Aan juga tidak menampik ada unsur kenekatan dalam proses pembangunan tersebut. "Setelah berjalan, mungkin kesalahan kami memang agak nekat. Tapi dari polemik ini, kami semua introspeksi. Alhamdulillah, BGN memberikan solusi yang sangat baik bagi kami," tambahnya.
Kepada pemilik kandang babi, Angga Wiyana, Aan mengaku sudah saling berjabat tangan dan menganggap permasalahan ini selesai.
"Terima kasih kepada BGN karena program presiden memang benar-benar nyata dan kita enggak main-main. kalaupun kita salah tetap kita akan benar-benar perbaiki. Dan kita memang perlu mengikuti aturan yang berlaku," kata dia.
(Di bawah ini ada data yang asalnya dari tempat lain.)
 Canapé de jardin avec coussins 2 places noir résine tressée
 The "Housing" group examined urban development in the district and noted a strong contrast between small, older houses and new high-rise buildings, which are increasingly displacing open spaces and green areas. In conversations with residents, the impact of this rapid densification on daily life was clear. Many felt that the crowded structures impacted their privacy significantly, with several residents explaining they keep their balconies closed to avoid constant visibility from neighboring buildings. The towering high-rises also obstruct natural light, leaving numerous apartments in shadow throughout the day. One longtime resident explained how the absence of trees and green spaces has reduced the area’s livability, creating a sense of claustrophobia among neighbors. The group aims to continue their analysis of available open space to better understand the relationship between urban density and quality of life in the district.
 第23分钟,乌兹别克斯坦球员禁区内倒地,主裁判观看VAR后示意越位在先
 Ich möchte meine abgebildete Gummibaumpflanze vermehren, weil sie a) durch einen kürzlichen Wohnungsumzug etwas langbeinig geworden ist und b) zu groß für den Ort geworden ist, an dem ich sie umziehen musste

Mengenai nasib bangunan lama yang sudah terlanjur jadi, Aan mengaku pasrah pada konsekuensi. Dia mengatakan bisa dialihkan untuk usaha lain. "Otomatis tetap kita bongkar atau mungkin bisa dipakai untuk usaha lain. Kalau ditanya rugi, secara hitungan insya Allah tidak. Ini program negara, tetap harus kita dukung," tegasnya
SPPG Wajib Relokasi
Sebelumnya, Polemik keberadaan Dapur Satuan Pelayanan Pemenuhan Gizi (SPPG) Program Makan Bergizi Gratis (MBG) di Kecamatan Sambungmacan, Kabupaten Sragen, Jawa Tengah, akhirnya menemukan titik terang. Dapur MBG yang berdekatan dengan kandang babi diputuskan harus direlokasi ke lokasi baru.
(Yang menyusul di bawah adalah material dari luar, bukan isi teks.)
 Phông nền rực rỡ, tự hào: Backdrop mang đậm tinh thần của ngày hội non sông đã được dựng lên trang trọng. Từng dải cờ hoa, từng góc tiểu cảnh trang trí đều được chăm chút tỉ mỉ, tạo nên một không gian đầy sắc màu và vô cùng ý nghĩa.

Keputusan tersebut diambil dalam mediasi yang difasilitasi Badan Gizi Nasional (BGN) dengan menghadirkan pengelola SPPG Banaran, pemilik kandang babi, Satgas MBG Sragen, sejumlah pemangku kepentingan, serta perwakilan TNI-Polri. Mediasi berlangsung di Hotel Front One Sragen, Jawa Tengah, Kamis, 8 Januari 2026.
Direktur Pemantauan dan Pengawasan Wilayah II BGN, Brigjen TNI Albertus Dony, menjelaskan bahwa mitra pengelola SPPG terbukti melanggar ketentuan dalam Surat Keputusan Kepala BGN Nomor 63 Tahun 2025 tentang Perubahan Kedua atas Petunjuk Teknis Penyelenggaraan Bantuan Pemerintah Program Makan Bergizi Gratis Tahun Anggaran 2025.
Menurut Dony, BGN memiliki standar operasional prosedur (SOP) yang wajib dipatuhi seluruh mitra. Salah satunya, dapur SPPG tidak boleh berdekatan dengan tempat pembuangan akhir maupun kandang ternak.
"Jadi kesepakatannya tidak ada kompensasi (bagi pemilik kandang babi) pindah lokasi saja (SPPG). Karena ada hal yang dilanggar oleh mitra tersebut, sudah tahu ada kandang ternak masih tetap nekat dibangun SPPG," kata Dony.
Ia mengungkapkan, mitra pengelola diduga melakukan manipulasi saat proses verifikasi awal. Video yang dikirimkan ke pusat tidak menampilkan keberadaan kandang babi yang berdampingan langsung dengan bangunan dapur SPPG. Selama ini, proses verifikasi dilakukan secara daring.